The analysis should be disclosed, and can be disclosed as there is no sensitivity, given the relevant facts can be kept under wraps (and suitably redacted or modified). This is a statutory interpretation exercise and the report can proceed on a series of hypothetical facts based on the actual situations.
Non-disclosure of that I-G report heightens concern, particularly given this unsatisfactory press release. Why is the monitored party the only one disclosing its understanding of the monitor’s report, especially when it is a gamekeeper that is being monitored not the poacher? And especially when there have been such basic problems at GCSB, and the agency needs to work hard to be seen to fix that.
Notable in the press release is that it is expressly limited to GCSB Act compliance.
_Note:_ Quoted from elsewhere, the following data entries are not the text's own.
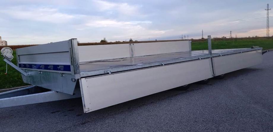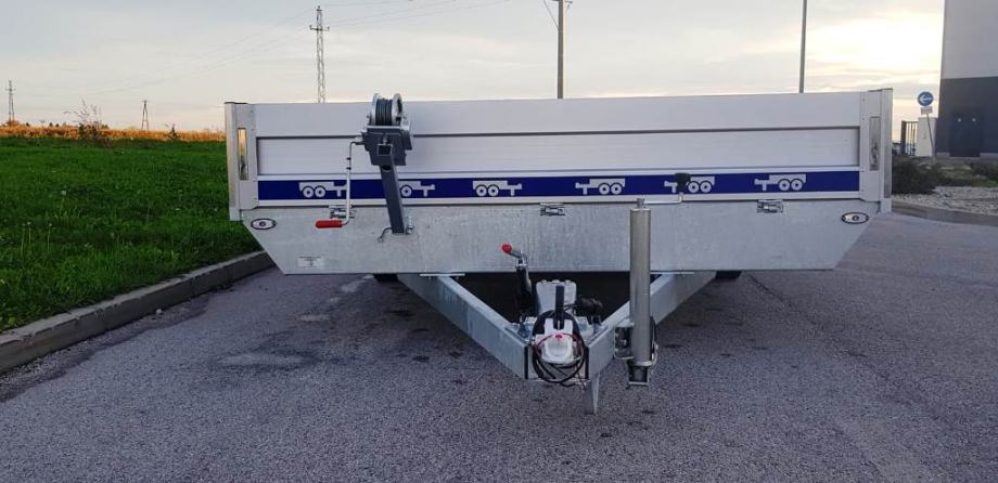 U cijenu je uračunata prikolica, potporni kotač, rezervni kotač, naletna kočnica, kajle-podupirači za kotače, amortizeri, vitlo, navozne rampe 2,5m dužine aluminijske, potporni stupovi na kraj prikolice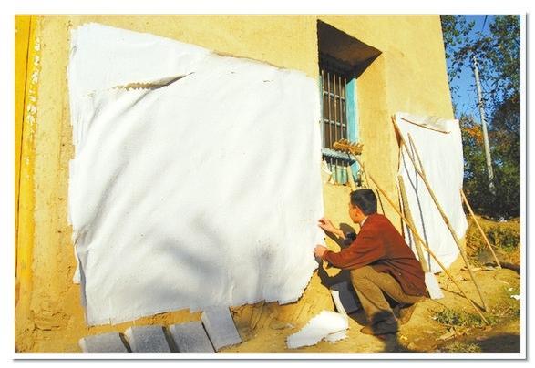 在李生武家的外墻上,我們看到一張張刷在墻上的構(gòu)樹(shù)皮紙,用手輕輕地?fù)崦鼈儯杏X(jué)附著了勞作的纖維顯得那么綿軟親切。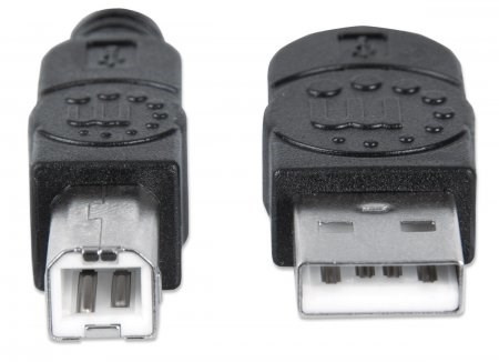 MANHATTAN Hi-Speed USB 2.0 Káble zariadení umožňujú jednoduché pripojenie periférnych zariadení a príslušenstva USB k stolným počítačom a notebookom. Ideálny na použitie s mnohými externými krytmi USB, rozbočovačmi a inými zariadeniami s funkciou hot-swap, plug and play, MANHATTAN Hi-Speed USB 2.0 Káble zariadení podporujú prenos dát rýchlosťou až 480 Mb/s v systémoch Windows a Mac pre rýchle a spoľahlivé prenosy. Pozlátené kontakty, tienenie a plne tvarované pätky s odľahčením ťahu pomáhajú zabezpečiť spoľahlivé pripojenie, maximálnu vodivosť a minimálnu stratu dát pri zníženom rušení EMI.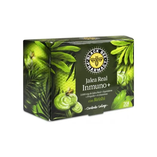Black Bee Inmuno 2x20Fläschchen ist ein Nahrungsergänzungsmittel auf der Basis von Gelée Royale, Propolis, Reishi und Vitaminen, das zur Stärkung der Abwehrkräfte des Körpers beiträgt. Enthält 2 Schachteln mit je 20 Fläschchen.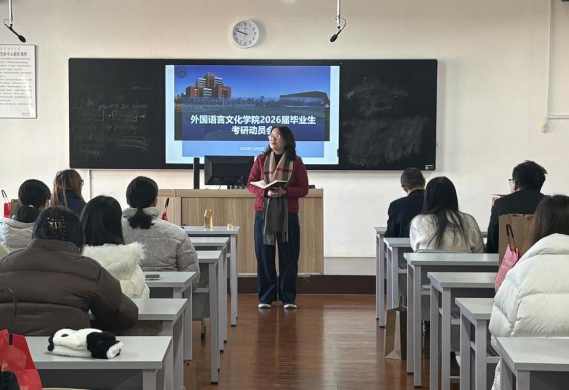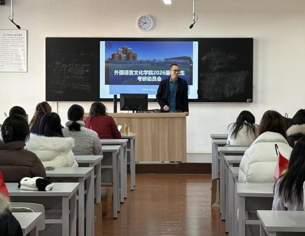 党委书记刘建平、院长王英、党委副书记孙冠华、辅导员刘芋蔓,以及2026届全体考研学子参加活动,活动由孙冠华主持。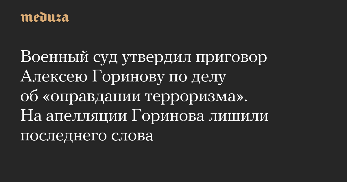 Военный суд утвердил приговор Алексею Горинову по делу об «оправдании терроризма». На апелляции Горинова лишили последнего слова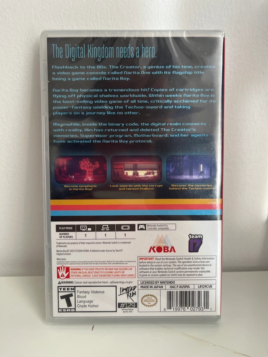 78I'm selling a brand new, sealed copy of Narita Boy for the Nintendo Switch! It's still in its original packaging and ready for a new home. A great addition to any Switch collection! Limited Run Games #129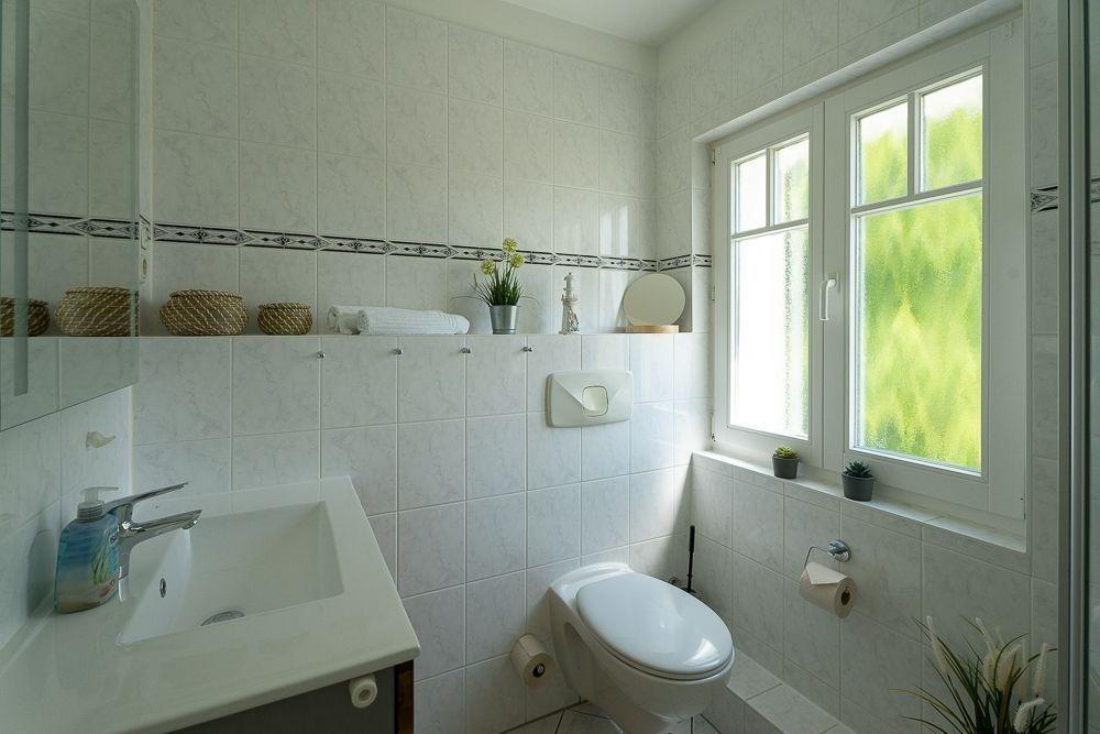 Auch das hochwertig ausgestattete Badezimmer befindet sich auf dieser Ebene. Es ist mit einer Dusche, einem WC, einem Handtuchheizkörper und einem Waschbecken mit Unterschrank eingerichtet. Ablageflächen für Ihre Bad-Utensilien stehen Ihnen ebenfalls zur Verfügung.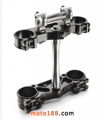 陽極處理的黑色電腦切割CNC上下"眼鏡"結(jié)合避震膠,減少行車過程中的震動,從而提高舒適性,新的"眼鏡"設(shè)計甚至叉腳也利用,成功將夾頭叉的力度也分佈於其中,可調(diào)節(jié)的把手位置亦帶來操控的變異。

There is no report on any review as to whether the Crimes Act has been breached, especially as to the computer crimes and personal privacy interception provisions (as outlined in Proposed GCSB powers to control telcos’ network choices). 2
For example, if certain activities do not fall within the GCSB Act, that raises potential application of the Crimes Act, as the statutory GCSB carve-out from breaching the Crimes Act may not apply.
The I-G’s scope is the GCSB Act, so a Crimes Act review (such as whether there are alleged offences that should be prosecuted) would be done by other agencies.
But who and how?
The Police and SIS were involved in a number of the 80+ matters under review, and the Crimes Act has broad provisions dealing with offences by parties and accessories.
If there are offences, it might be that extends to implicate the Police and/or SIS as having committed offences as parties or accessories. I am not at all saying there are offences as we don’t have the facts, but rather that the question of who should review should be carefully considered. The Police should set up a relatively independent and strong team to consider if there are offences.
The GCSB must do better than this, even though they have a difficult and important task.
The Rebecca Kitteridge report3 on the GCSB is valuable reading in this area, including for highlighting how important the work of GCSB is, where, because of its covert nature, only the bad stuff tends to emerge. Those on both sides of the debate (civil libertarians and hawks) should look to it for the balance. It is simply not enough to fly the civil liberties flag alone or to allow substantial discretion.
For that reason, this article is not about the proposed law reform but about what has happened. Terrorism and other threats are real and major, as the examples listed by the Director in his release show, and do call for some incursion on civil liberties. The new law needs to get the balance right.
But there are now substantial signs that there are major problems at GCSB under the bonnet. As GCSB can get it so wrong where the issue is in the above-sea part of the iceberg, where scrutiny is possible, and where there is so much focus on what GCSB is doing, there are real signs things may be badly wrong below the secret sea level.